Hello and welcome to our community! Is this your first visit?
Register
Enjoy an ad free experience by logging in. Not a member yet? Register.
Results 1 to 7 of 7
  1. #1
    Senior Coder tomws's Avatar
    Join Date
    Nov 2007
    Location
    Arkansas
    Posts
    2,644
    Thanks
    29
    Thanked 330 Times in 326 Posts

    How can I restructure to avoid script timeout?

    I'm adding in some functionality to an existing invoicing system, which already is running close to timeout length. Testing the addition by itself, I'm timing out, so I would appreciate some input on how I can restructure my logic to make all of this play nicely.

    Here's an overview of the existing system.

    1. build-invoice-data.php pulls data from the db and assembles an XML file of invoices. The latest invoice run built a 1.2M file. User proceeds (to preview page).

    2. preview-invoices.php reads XML file, generates a tabular preview, and prepares some temp tables in the db. Nothing notable here. User proceeds (signals OK to commit invoice run to db).

    3. commit-changes.php merges temp tables into live tables and generates aggregate pdf of all invoices for printing. Here's the start of the problem. I'm feeding the XML file into Apache FOP for the PDF generation and it takes a while to do its job, but this step is completing so far.
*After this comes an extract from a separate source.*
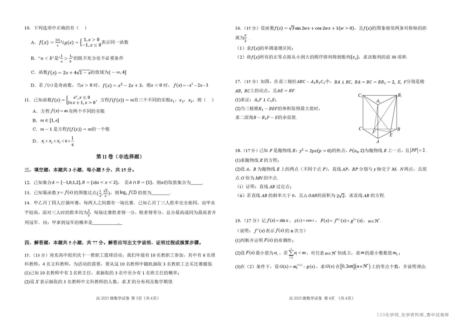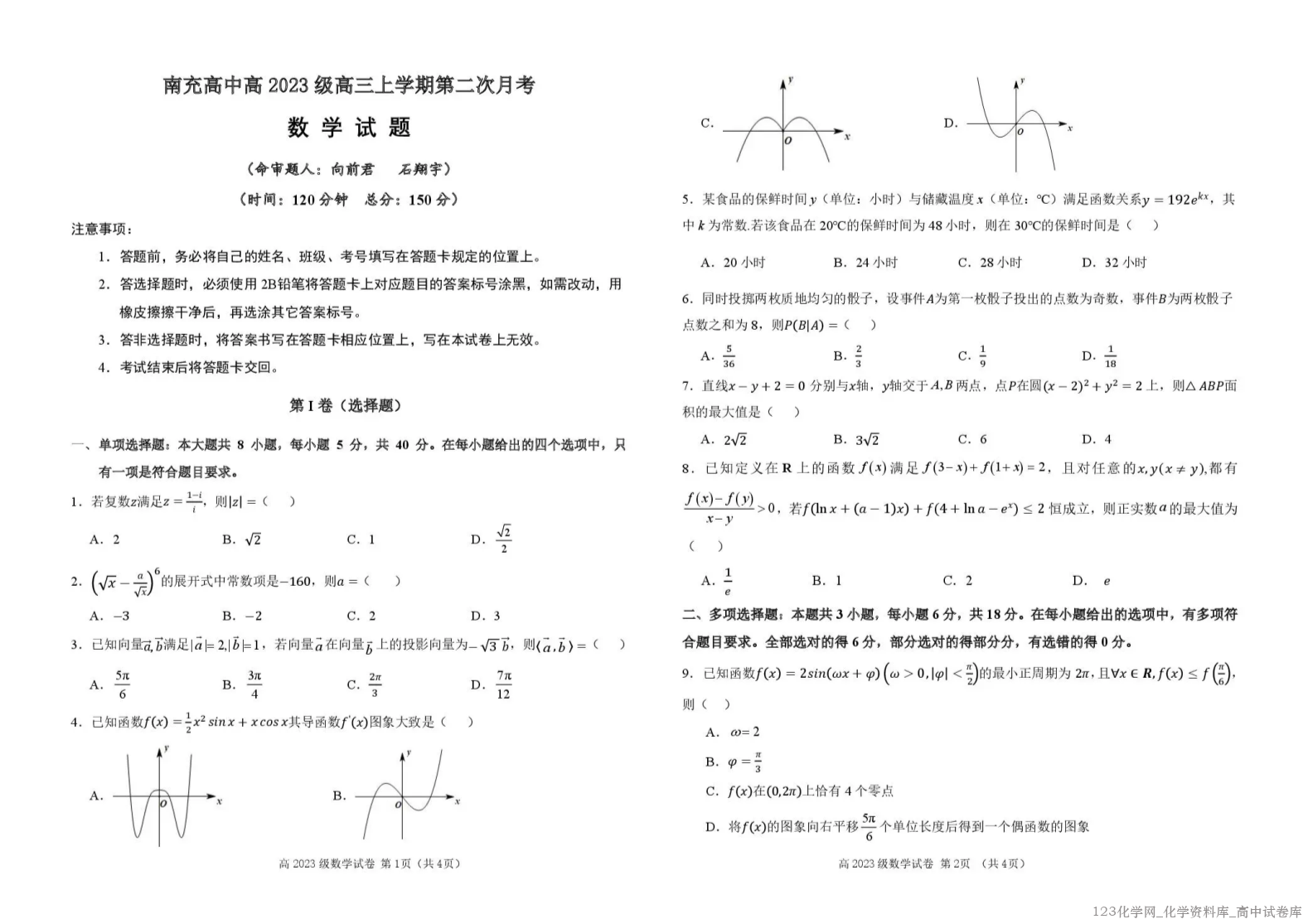 1.南充高中2025-2026学年高三上学期第二次月考数学

    The addition would be crammed into commit-changes.php and include extracting individual invoices from the XML and passing them through FOP for a PDF to insert in to the db (blob). This would be done so that actual invoices can be attached to the invoice number allowing quicker access than digging through a file of papers. This is the part that times out even by itself. It's currently a foreach that loops through all the XML invoice nodes, builds mini XMLs, and then feeds them to FOP. My last test was able to generate 20 before the 60-second timer expired.

    To eliminate some suggestions in advance, I can't regenerate a duplicate invoice purely from the db after the fact because each invoice run includes state information that changes immediately afterward. Also, I can't easily modify the function of the PDF generation because the XSL template is built for the current XML structure and I would prefer to stay away from my working template.
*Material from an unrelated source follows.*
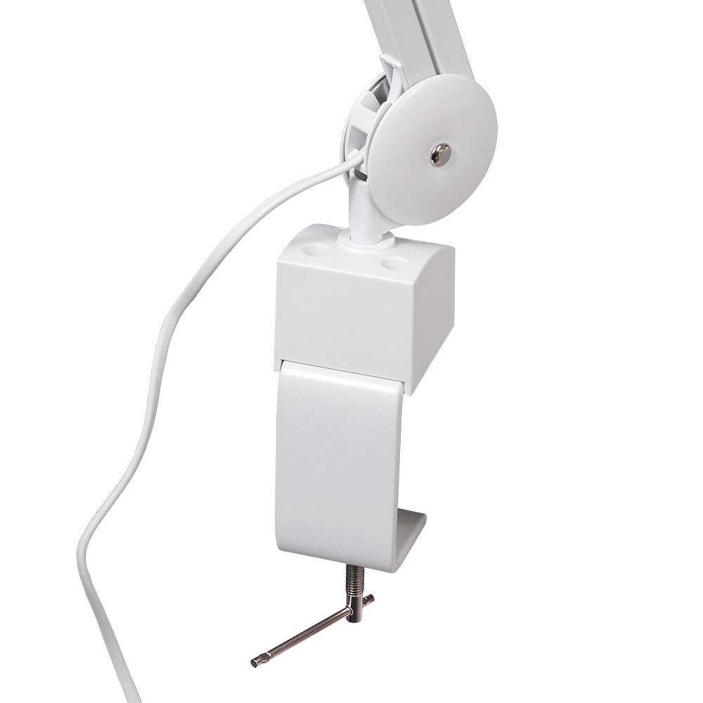 27116Лупа-лампа Veber 8608D LED Bi-color со сменными линзами. 120 SMD светодиодов, мощность 12 Вт. Регулировка яркости и цветовой температуры. Питание от сети 220 В. 2 обоймы с линзами оптической силой 3, 8, 10, 12, 15 и 20 D. Крепление к столу струбциной с пантографом.

    Am I stuck with just increasing the script timeout value, or does someone more experienced recognize a time saver somewhere? Threads? Ajaxify?

    If it helps suggestions, this app is on a Win2k server, PHP5, Apache2, fop 0.93.

  • #2
    Master Coder
    Join Date
    Dec 2007
    Posts
    6,682
    Thanks
    436
    Thanked 890 Times in 879 Posts
    do you want to redesign some parts/all or just fix for a time?

    regards

  • #3
    Senior Coder tomws's Avatar
    Join Date
    Nov 2007
    Location
    Arkansas
    Posts
    2,644
    Thanks
    29
    Thanked 330 Times in 326 Posts
    Not looking for a one-time patch, if that's what you're asking. This part of the system is (ideally) run quarterly, so it's repetitive, but infrequent.

    I'm open to suggestions - even if it means rewriting or rearranging some of the earlier portions. That doesn't mean I'll do it, but I'd like some options anyway.

  • #4
    Senior Coder CFMaBiSmAd's Avatar
    Join Date
    Oct 2006
    Location
    Denver, Colorado USA
    Posts
    3,041
    Thanks
    2
    Thanked 316 Times in 308 Posts
    If this is on a dedicated server, disabling the time limit would be the easiest - set_time_limit(0); or equivalent max_execution_time setting in php.ini or a .htaccess file. Doing this on a server that is not yours will get you into trouble with the hosting company if the script takes up too much of the available processor cycles.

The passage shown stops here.